Data segment:
== Segment start ==

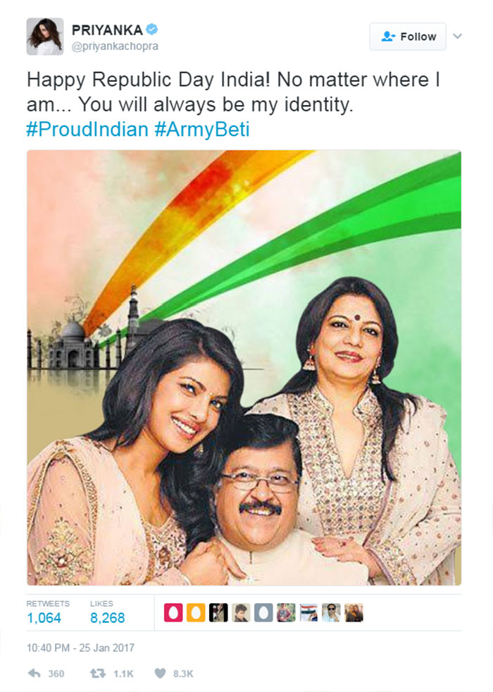 That happened on this Republic Day and she proved all the critics wrong about her with just one tweet. Priyanka Chopra tweeted – “Happy Republic Day India! No matter where I am, you will always be my identity. #ProudIndian #ArmyBeti”. Along with that, she also shared a picture with her father and mother that was adorable to another level.
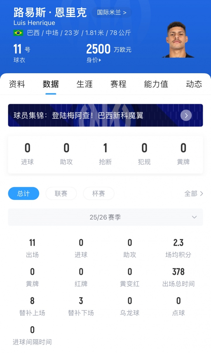 恩里克现年23岁,本赛季恩里克仅为国米登场11次共计378分钟,没有进球和助攻,他现身价2500万欧,与国米的合同在2030年到期。
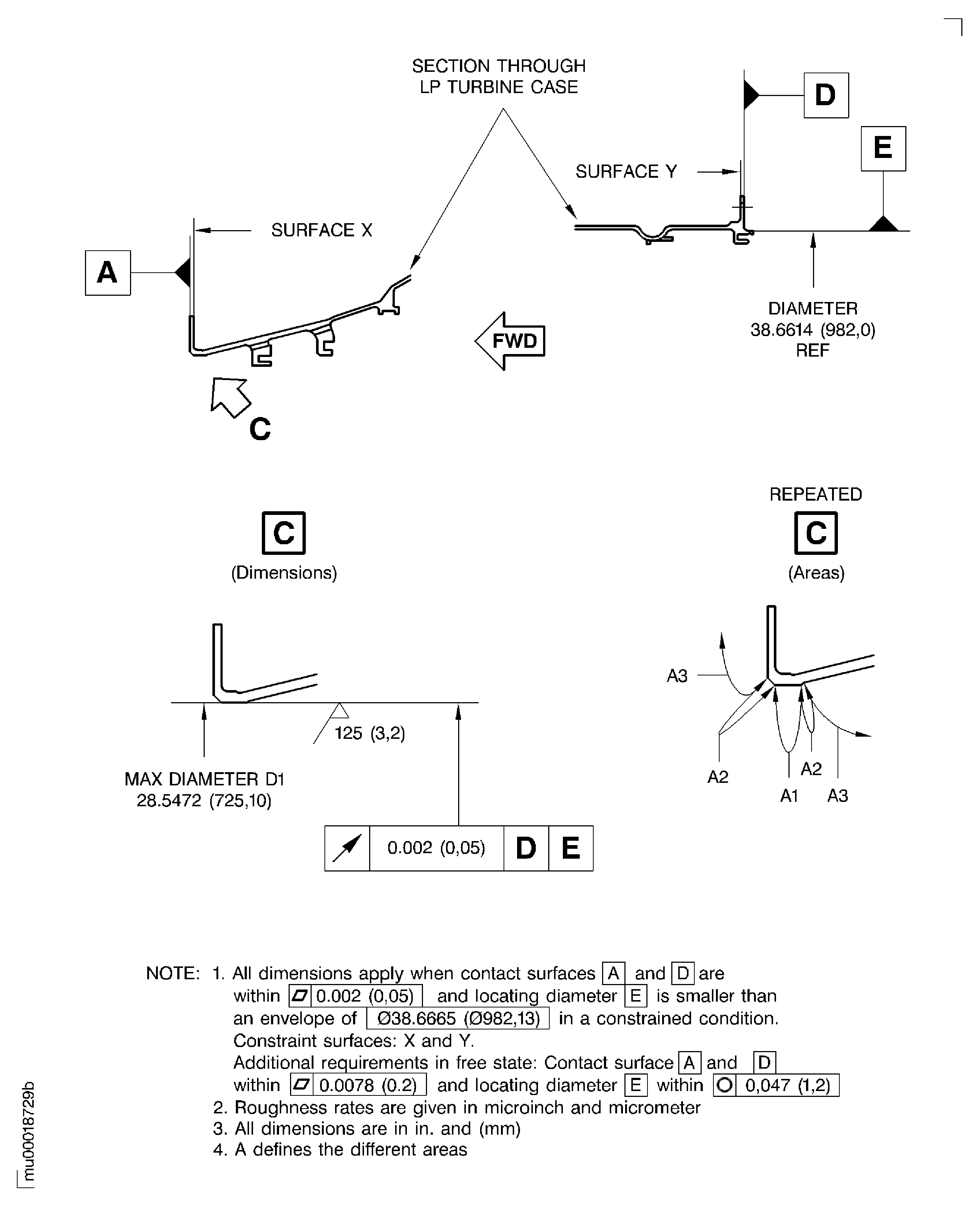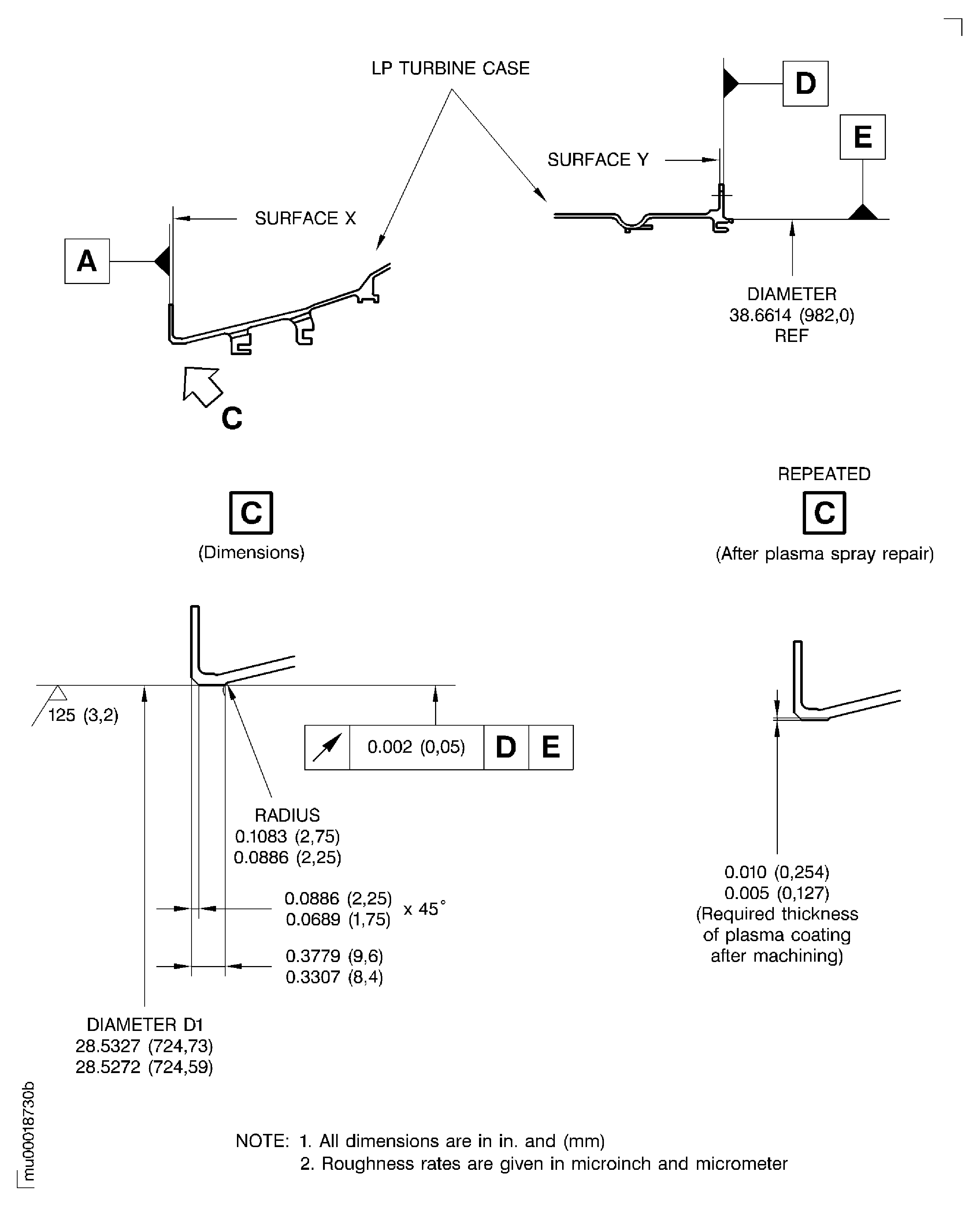 If the snap diameter of the LP turbine case front flange snap diameter was plasma spray repaired before, remove the old coating fully.For dimensions refer to Figure.

== Segment end ==

Problem requirements: The data above must be written out again word for word, without its pictures.

Solution to the exercise:
 That happened on this Republic Day and she proved all the critics wrong about her with just one tweet. Priyanka Chopra tweeted – “Happy Republic Day India! No matter where I am, you will always be my identity. #ProudIndian #ArmyBeti”. Along with that, she also shared a picture with her father and mother that was adorable to another level.
 恩里克现年23岁,本赛季恩里克仅为国米登场11次共计378分钟,没有进球和助攻,他现身价2500万欧,与国米的合同在2030年到期。
 If the snap diameter of the LP turbine case front flange snap diameter was plasma spray repaired before, remove the old coating fully.For dimensions refer to Figure.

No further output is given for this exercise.